> _What needs to be done_
Word for word, please restate the line that contains "Bref WC Lot" and all lines after it through the end of the material, minus the pictures.

> _Dataset extract_
- - - - -

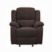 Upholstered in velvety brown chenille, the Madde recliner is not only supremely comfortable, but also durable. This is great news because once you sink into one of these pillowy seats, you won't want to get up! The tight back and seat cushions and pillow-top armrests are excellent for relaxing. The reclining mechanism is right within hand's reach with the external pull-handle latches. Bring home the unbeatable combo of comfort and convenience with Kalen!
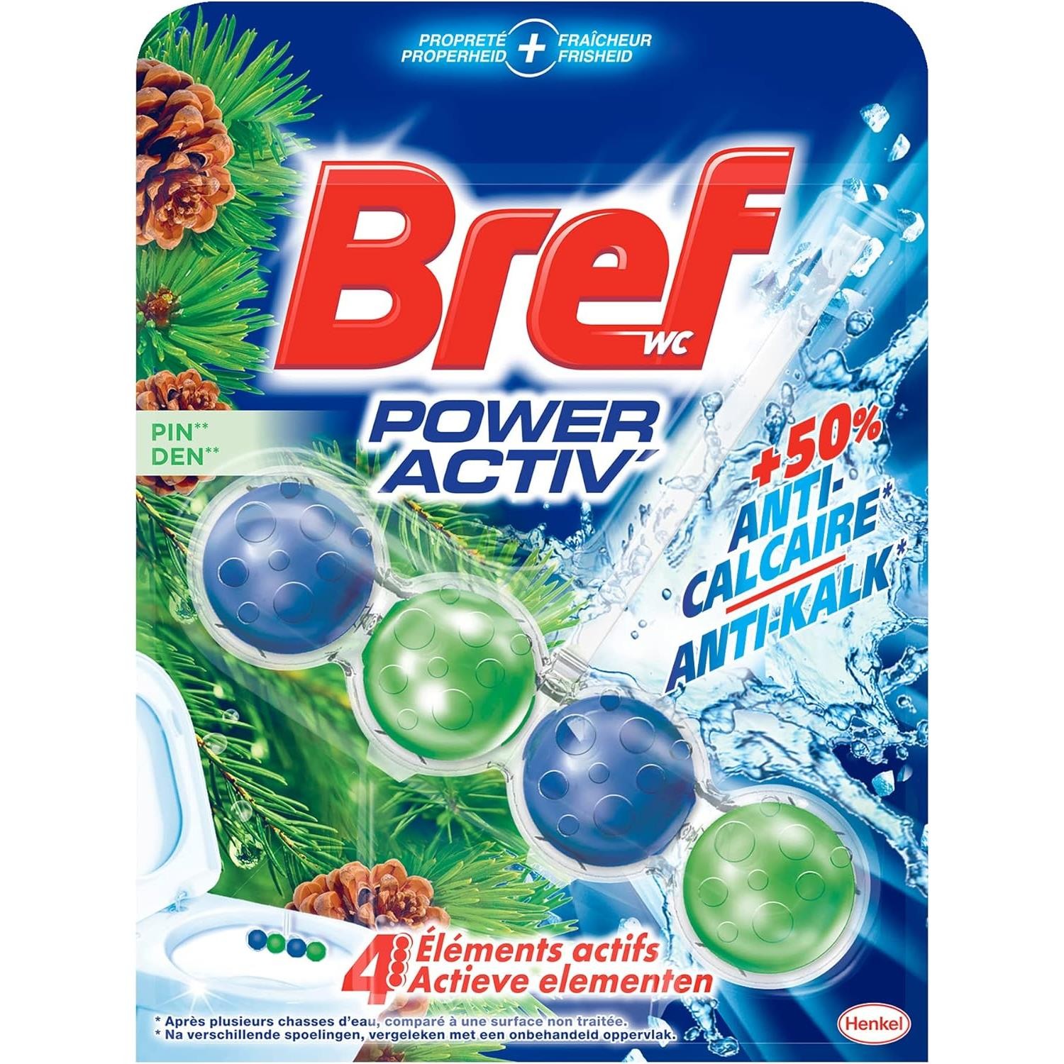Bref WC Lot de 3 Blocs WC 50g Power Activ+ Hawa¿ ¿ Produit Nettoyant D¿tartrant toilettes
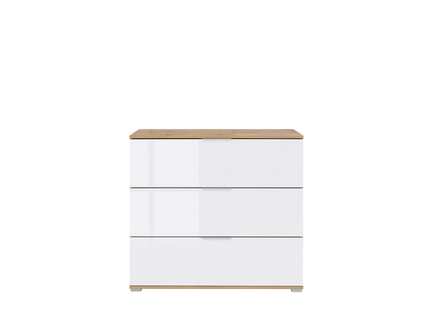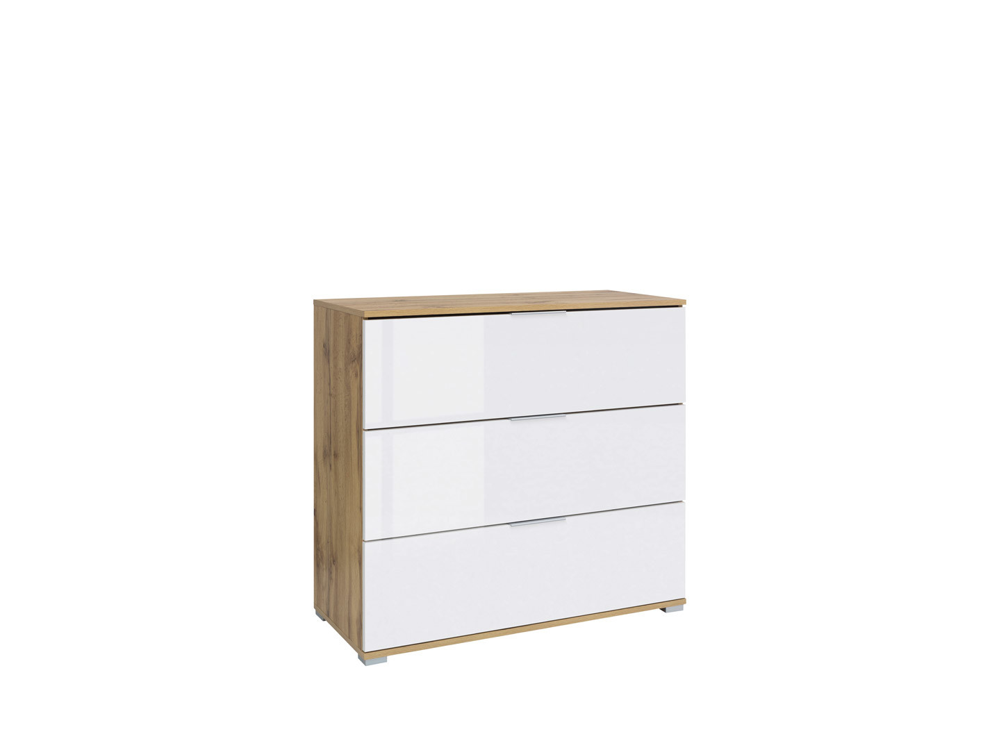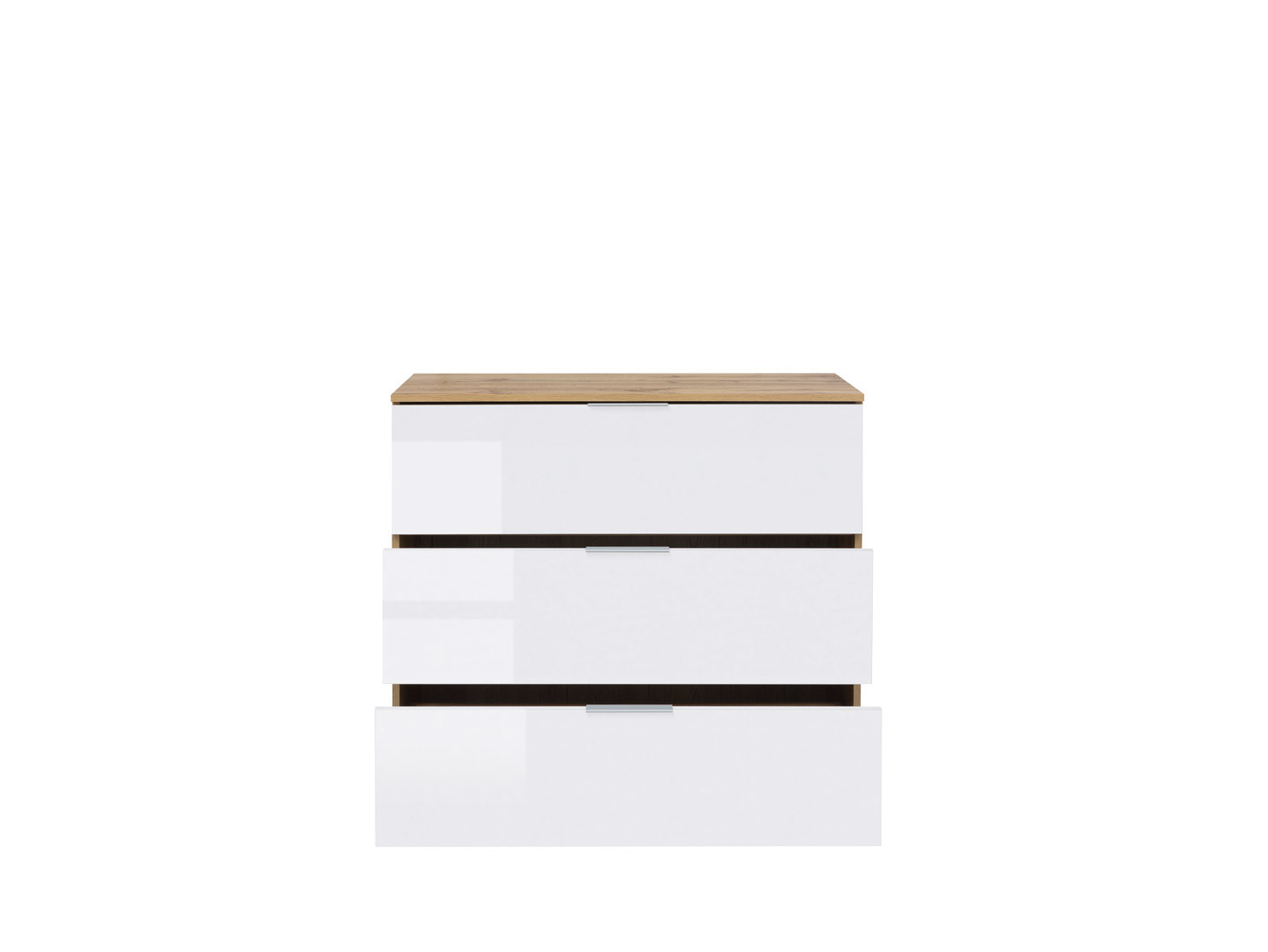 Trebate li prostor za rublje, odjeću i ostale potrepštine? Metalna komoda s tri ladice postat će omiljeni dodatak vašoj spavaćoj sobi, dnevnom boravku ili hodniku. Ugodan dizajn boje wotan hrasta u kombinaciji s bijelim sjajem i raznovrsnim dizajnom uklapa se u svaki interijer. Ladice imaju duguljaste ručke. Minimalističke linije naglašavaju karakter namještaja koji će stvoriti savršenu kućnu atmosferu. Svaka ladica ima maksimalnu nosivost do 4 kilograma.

- - - - -

> _Solution for this exercise_
Bref WC Lot de 3 Blocs WC 50g Power Activ+ Hawa¿ ¿ Produit Nettoyant D¿tartrant toilettes
 Trebate li prostor za rublje, odjeću i ostale potrepštine? Metalna komoda s tri ladice postat će omiljeni dodatak vašoj spavaćoj sobi, dnevnom boravku ili hodniku. Ugodan dizajn boje wotan hrasta u kombinaciji s bijelim sjajem i raznovrsnim dizajnom uklapa se u svaki interijer. Ladice imaju duguljaste ručke. Minimalističke linije naglašavaju karakter namještaja koji će stvoriti savršenu kućnu atmosferu. Svaka ladica ima maksimalnu nosivost do 4 kilograma.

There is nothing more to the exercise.